When a Sunday-school superintendent
makes his customary little speech, a hymn-book in the hand is as
necessary as is the inevitable sheet of music in the hand of a singer
who stands forward on the platform and sings a solo at a concert
--though why, is a mystery: for neither the hymn-book nor the sheet of
music is ever referred to by the sufferer.
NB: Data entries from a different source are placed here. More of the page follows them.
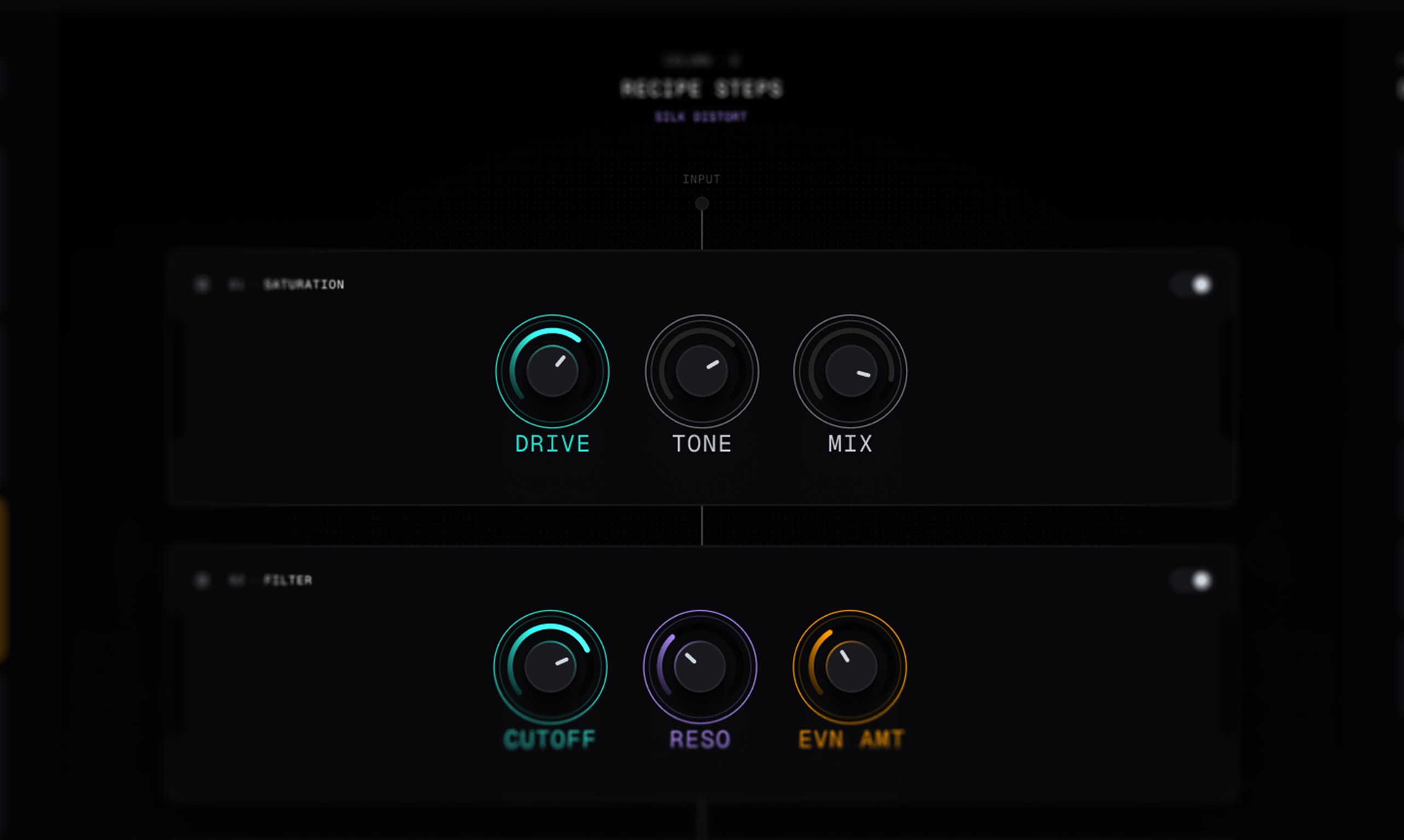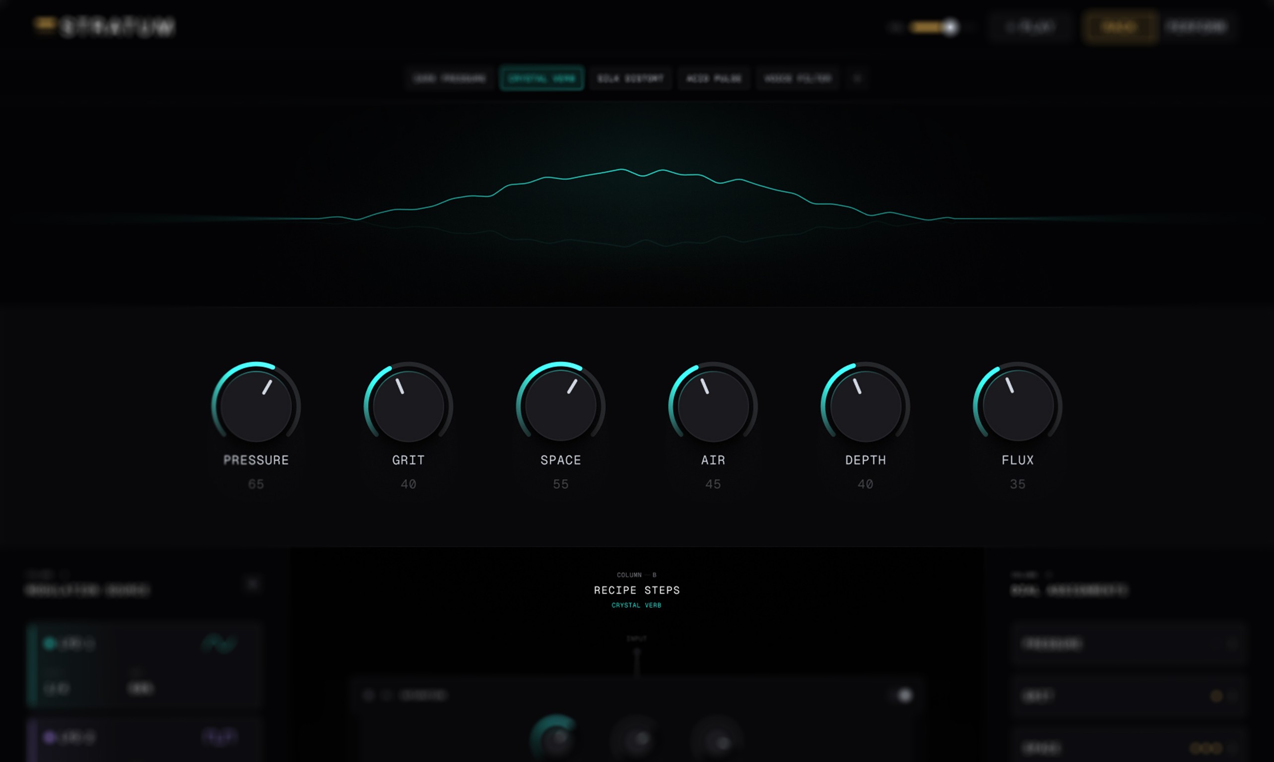 Recipes, not patches. Presets in most tools are static snapshots. Stratum's recipes are named, coloured, switchable signal chains each with its own steps, modulators, and macro assignments. Switching recipe is switching instrument.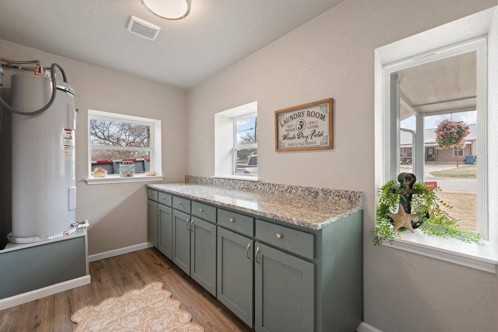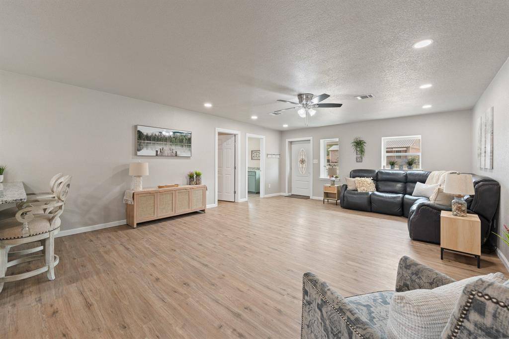 Located in the highly sought-after Sky Harbour community, this one-of-a-kind property holds a special place as the very first home built in the neighborhood. Offering water access along with an original water well, storm shelter, and cistern, this property blends character, functionality, and peace of mind. Completely remodeled from top to bottom, the home showcases all-new luxury vinyl plank flooring and tile, brand-new windows, updated light fixtures, stylish vanities, and most impressive of all, foam insulation added to the exterior walls and roof decking for exceptional energy efficiency. Major updates include a repaired foundation, brand-new HVAC system, relatively new water heater, and the slab side of the home that is already graded for a future two-story addition if desired. Step inside to a stunning open-concept 4-bedroom, 3-bath home with a dedicated office, where the kitchen steals the show with custom cabinetry, granite countertops, and all-new appliances. The thoughtfully designed split-bedroom layout includes a second master suite ideal for in-laws or teenagers, while a spacious hallway leads to a flex room, two additional bedrooms, a full bath, and the serene primary retreat featuring beautiful natural light and a fully updated ensuite with granite counters and a tiled walk-in shower. Even the oversized laundry room has been elevated with granite countertops and custom cabinetry. This move-in-ready home is waiting for new owners to enjoy peaceful living in Sky Harbour and everything Granbury has to offer.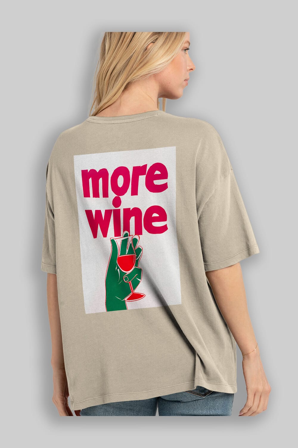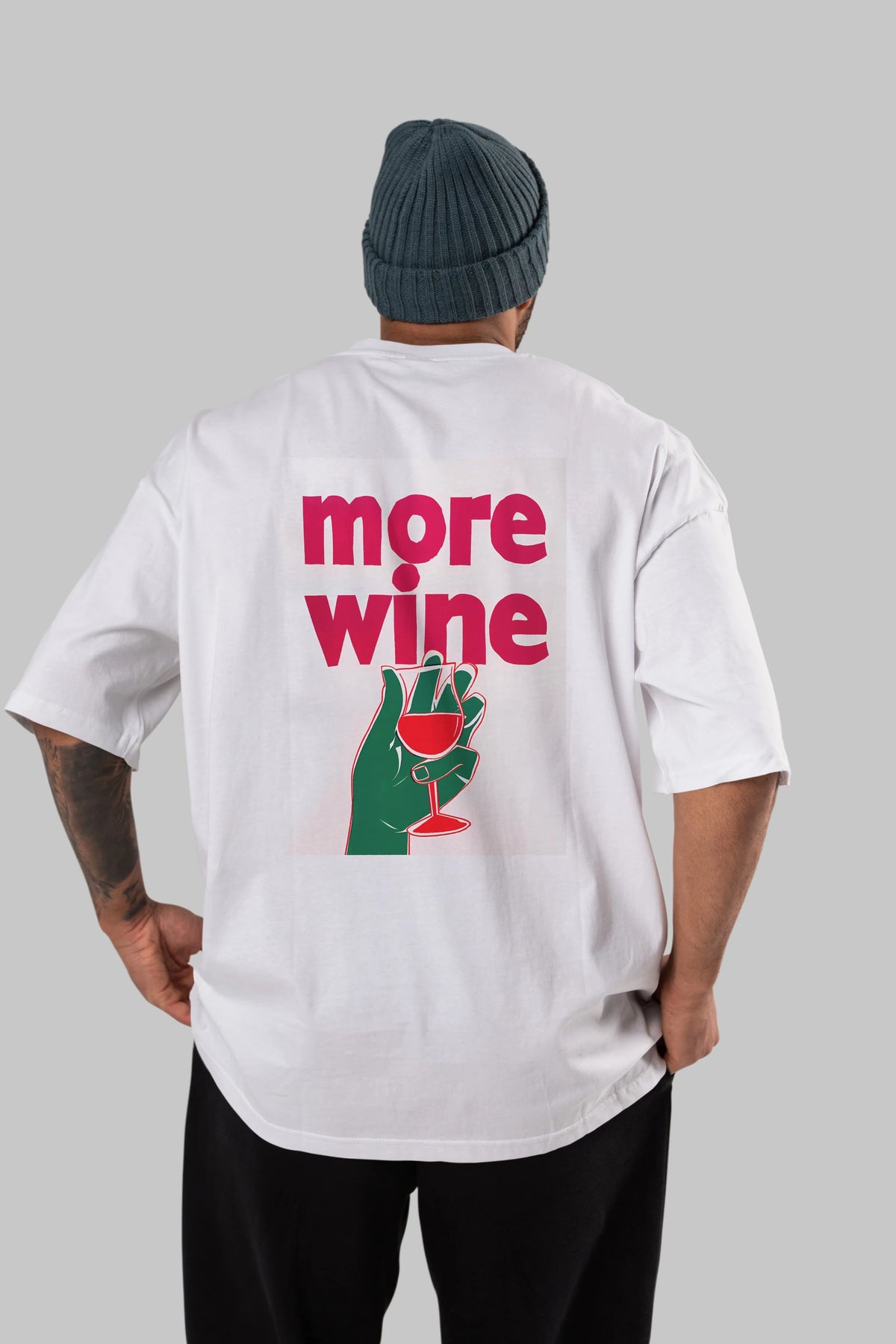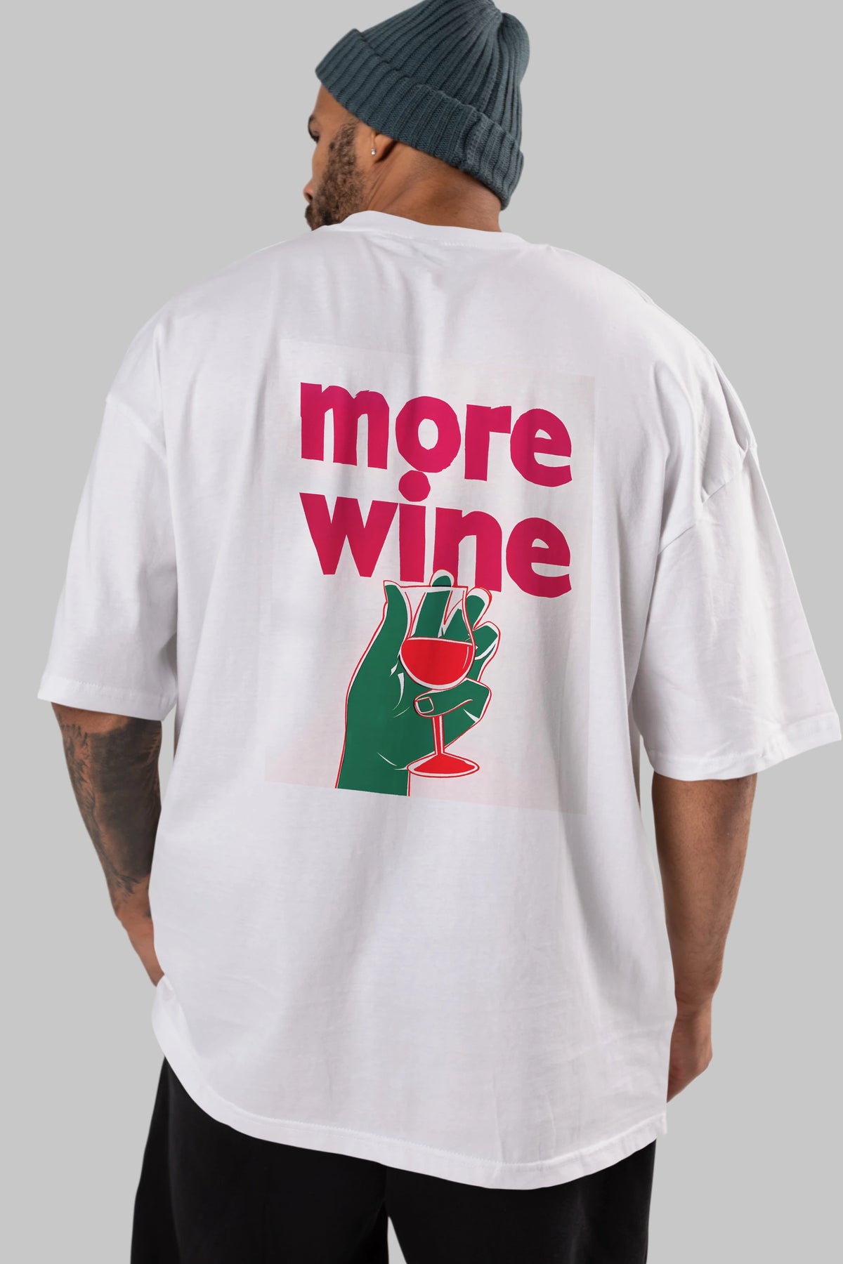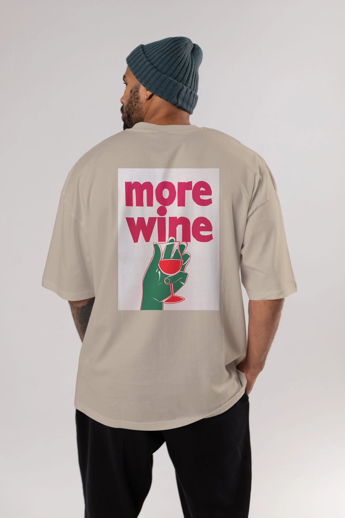 More Wine 3 Arka Baskılı Oversize t-shirt Erkek Kadın Unisex %100 Pamuk Bisiklet Yaka tişort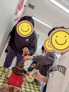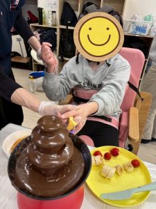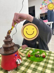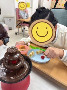 みんなチョコレートをつけて、食べて、チョコレートファウンテンパーティを楽しんでいました😍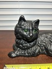 Vintage Cast Iron Black Cat Doorstop Green Eyes Taiwan 10.25" X 5.25"tall X 5"

This superintendent was a
slim creature of thirty-five, with a sandy goatee and short sandy hair;
he wore a stiff standing-collar whose upper edge almost reached his
ears and whose sharp points curved forward abreast the corners of his
mouth--a fence that compelled a straight lookout ahead, and a turning
of the whole body when a side view was required; his chin was propped
on a spreading cravat which was as broad and as long as a bank-note,
and had fringed ends; his boot toes were turned sharply up, in the
fashion of the day, like sleigh-runners--an effect patiently and
laboriously produced by the young men by sitting with their toes
pressed against a wall for hours together. Mr. Walters was very earnest
of mien, and very sincere and honest at heart; and he held sacred
things and places in such reverence, and so separated them from worldly
matters, that unconsciously to himself his Sunday-school voice had
acquired a peculiar intonation which was wholly absent on week-days.